### DATA SHOWN
---

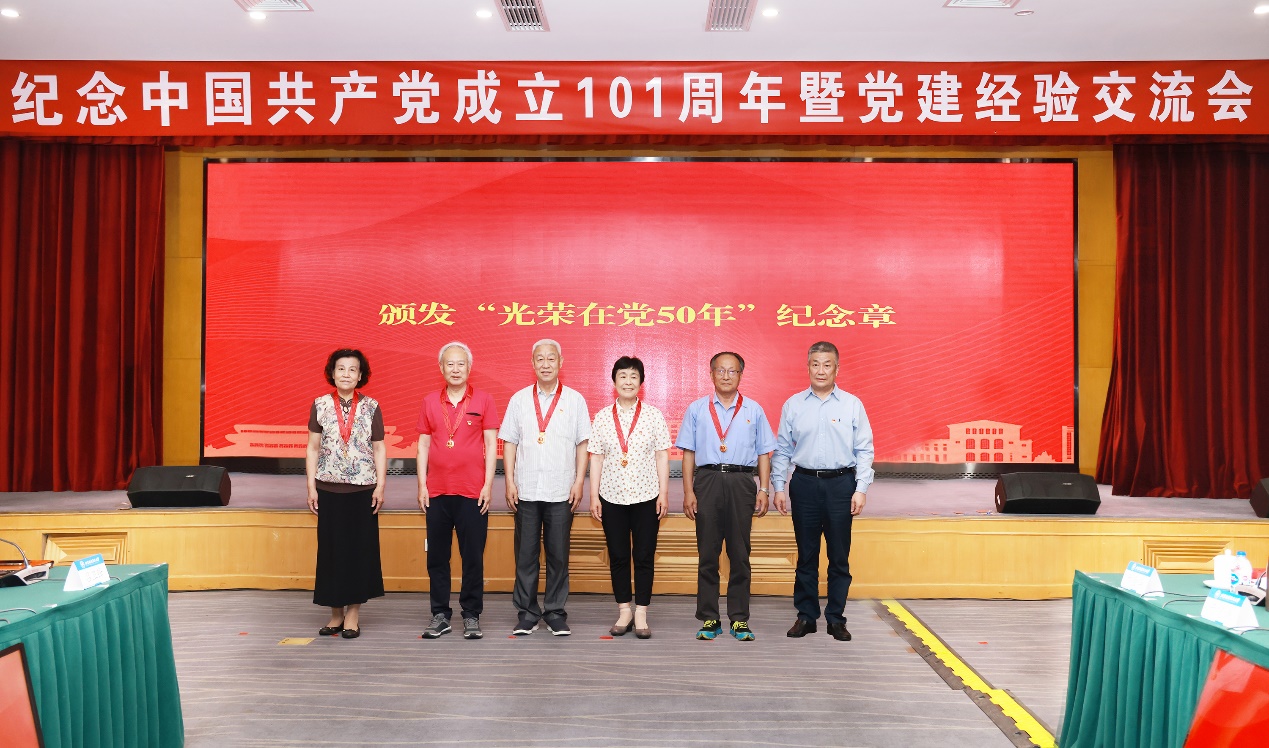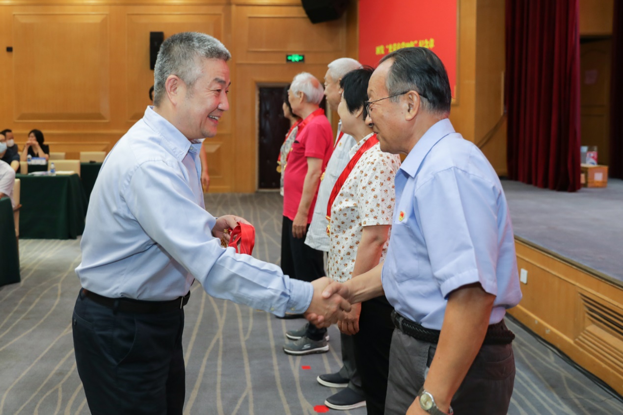 党委书记赵长禄为老党员代表颁发“光荣在党50年”纪念章。今年,Beat365共有28名老党员获此殊荣。
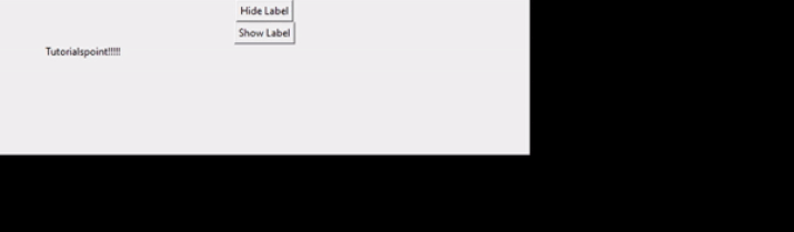 我們建立了一個 Tkinter 視窗並添加了一個顯示文字“Tutorialspoint!!!”的標籤部件。我們還包含了兩個按鈕:“隱藏標籤”和“顯示標籤”。
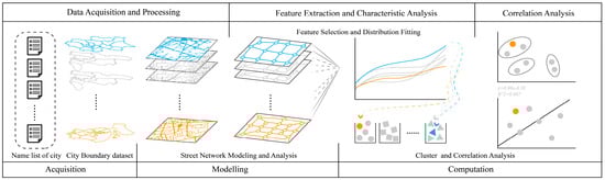 We are proposing an analytical framework adapted from Spadon et al. [], as shown in Figure 1, which includes three steps: data acquisition, characterizing urban street networks, and investigating the relationship between urban street networks and economic development. First, we acquired cities’ street network data from OpenStreetMap using OSMnx [], a software for downloading spatial entities and for modeling, projecting, visualizing, and analyzing complex street networks from OpenStreetMap’s Application Programming Interfaces (APIs). Street networks (graphs) were then constructed using the obtained OSM street data. In this paper, we consider street intersections as nodes and the street segment between each pair of street intersections as edges in the network. The lengths of the edges are considered weights in the network.
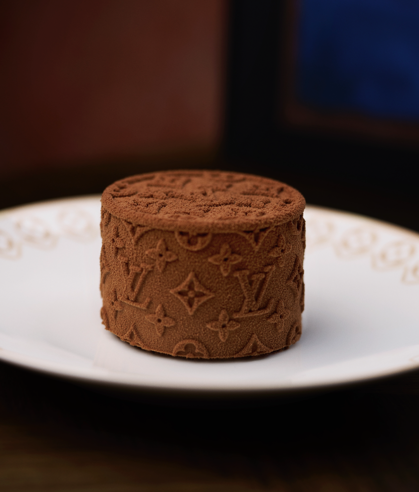 さらに、デザートタイムにはフランス伝統の「アントルメ」が登場。多層構造のデザートは、バニラ、ヘーゼルナッツ、チョコレートの3種が揃い、それぞれがルイ・ヴィトンの象徴的なフレーバーとして洗練された味わいを提供する。

---

### WHAT IS NEEDED
Give back the entire listing verbatim, without the pictures.

### WORKED SOLUTION
 党委书记赵长禄为老党员代表颁发“光荣在党50年”纪念章。今年,Beat365共有28名老党员获此殊荣。
 我們建立了一個 Tkinter 視窗並添加了一個顯示文字“Tutorialspoint!!!”的標籤部件。我們還包含了兩個按鈕:“隱藏標籤”和“顯示標籤”。
 We are proposing an analytical framework adapted from Spadon et al. [], as shown in Figure 1, which includes three steps: data acquisition, characterizing urban street networks, and investigating the relationship between urban street networks and economic development. First, we acquired cities’ street network data from OpenStreetMap using OSMnx [], a software for downloading spatial entities and for modeling, projecting, visualizing, and analyzing complex street networks from OpenStreetMap’s Application Programming Interfaces (APIs). Street networks (graphs) were then constructed using the obtained OSM street data. In this paper, we consider street intersections as nodes and the street segment between each pair of street intersections as edges in the network. The lengths of the edges are considered weights in the network.
 さらに、デザートタイムにはフランス伝統の「アントルメ」が登場。多層構造のデザートは、バニラ、ヘーゼルナッツ、チョコレートの3種が揃い、それぞれがルイ・ヴィトンの象徴的なフレーバーとして洗練された味わいを提供する。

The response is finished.